The thesis takes its support here and there and no shortage of nonsense strengthens the premise. A cartoon in a Danish newspaper sparking a holy war, hundreds dead, threats launched to and fro, intolerance and bitter division. The intolerance and the subsequent violence holding hostage the fundamentals of freedom of speech–the very such material it was designed to protect. Satire, sarcasm and humour (even in bad taste) may not constitute the most beneficial outputs of man but surely the violence has no justifiable explanation. Really, as the calendar carries forward to 2007 who needs to justify their actions? If you don’t “knee jerk” what do you do?

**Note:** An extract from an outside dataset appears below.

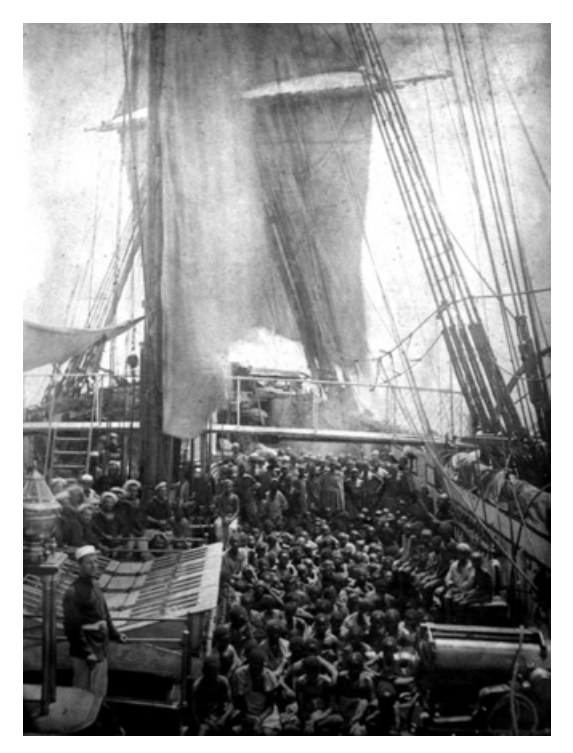
Slaves rescued from a dhow aboard HMS Daphne, 1868.

In 1889. eleven European powers, as well as Turkey and the Congo "Free State" (actually a personal colony of the King of Belgium) met at a conference in Brussels, Belgium, to discuss the suppression of the Indian Ocean slave trade. The result was an international convention, signed by the thirteen countries, known as the "General Act of the Brussels Conference Relative to the African Slave Trade, signed at Brussels, July 2, 1890."<sup>6</sup> Britain acceded to the convention in 1892. The convention recognized an established practice of granting the use of the maritime flag of the European powers to local boats and ships owned by nonpeoples regarded European as "protégés."<sup>7</sup> Under the convention the French undertook to ensure that French flagged native-owned vessels did not transport slaves, and the British pledged to prevent ships under their flag from engaging in the trade. The convention also declared that European powers

In last month’s Harper’s magazine, Editor-in-Chief, Lewis H. Lapham called for the immediate impeachment of President George W. Bush, citing, amongst other things, President Bush to have been the only active president to have unconditionally admitted to committing a felony. Specifically, Lapham’s cited that Bush spied on his own citizens, violating the Foreign Intelligence Surveillance Act (a felony punishable by five years in prison and a $10,000 fine).

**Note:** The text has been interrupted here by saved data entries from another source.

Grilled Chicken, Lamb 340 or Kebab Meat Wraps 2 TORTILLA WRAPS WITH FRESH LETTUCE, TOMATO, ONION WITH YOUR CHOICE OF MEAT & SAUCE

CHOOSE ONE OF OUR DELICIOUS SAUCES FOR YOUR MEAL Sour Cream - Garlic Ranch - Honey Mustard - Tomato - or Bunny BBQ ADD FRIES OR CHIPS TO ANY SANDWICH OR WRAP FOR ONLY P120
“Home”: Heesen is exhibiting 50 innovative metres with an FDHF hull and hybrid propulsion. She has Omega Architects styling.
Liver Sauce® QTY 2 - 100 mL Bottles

Bush’s current approval rating is in parity with the general approval of herpes and no need to look any further than to the American people who have witnessed their glorious and otherwise revered name being dragged through the mud along with the administration. The grumbling on the network news has subsided. Was there anything else more newsworthy? Britney Spears drives with her baby on her lap, uh, run with that.

Last week I watched “The Smartest Guys in The Room” the breakthrough documentary that outlined the rise and fall of Enron. As I watched the effrontery of Jeff Skilling and Kenneth Lay advising shareholders to purchase more and more Enron stock, two weeks before its assignment into bankruptcy I was reminded of George W. Bush standing in front of a press corps in Washington D.C. assuring reporters that despite the complete absence of weapons of mass destruction, mounting American casualties, Osama Bin Laden still on the run, and the almost trillion dollar price tag–everything was going as planned, everything was going just fine, nothing to see here.

A country is not only what its administration does, it is also the reality reflected by its citizens. Like father like son and like country like citizenry. The parallels draw themselves–U.S. government debt at an all time high, consumer debt at an all time high of $2.2 trillion. An administration that favours the rich and entitled, a citizenry that could barely take care of its own in light of Hurricane Katrina. A government with an underfunded social security system, a citizenry with the lowest savings rate since The Great Depression. A government abusing human rights standards across the globe, an American citizenry all too willing to have its civil liberties trampled upon and held hostage via The Patriot Act. America, it’s time to pay the ransom, rent is due, and the going rate for a government pimp is high. But the devil is in the details and the numbers are but ones and zeroes, in bank accounts or in credit card processors. America will once again be home of the brave and the land of the free. It’s just business.

Thousands of columnists and pundits write thousands of articles providing prenty of abuse for a country gone awry, a country we can barely recognize. But two four-year terms is testing even the most difficult of us all. Maybe Fox News is right and Bush is not that bad after all. What Bush has achieved is to progressively lower the standards, to provide not even a glimmer of hope so his actions become not only acceptable but expected. Before the balloons drop on the next U.S. political conventions who knows: war with Iran? World War III? Police state? Ministry of Propaganda? War is peace. Freedom is slavery. Ignorance is strength. Big brother loves you.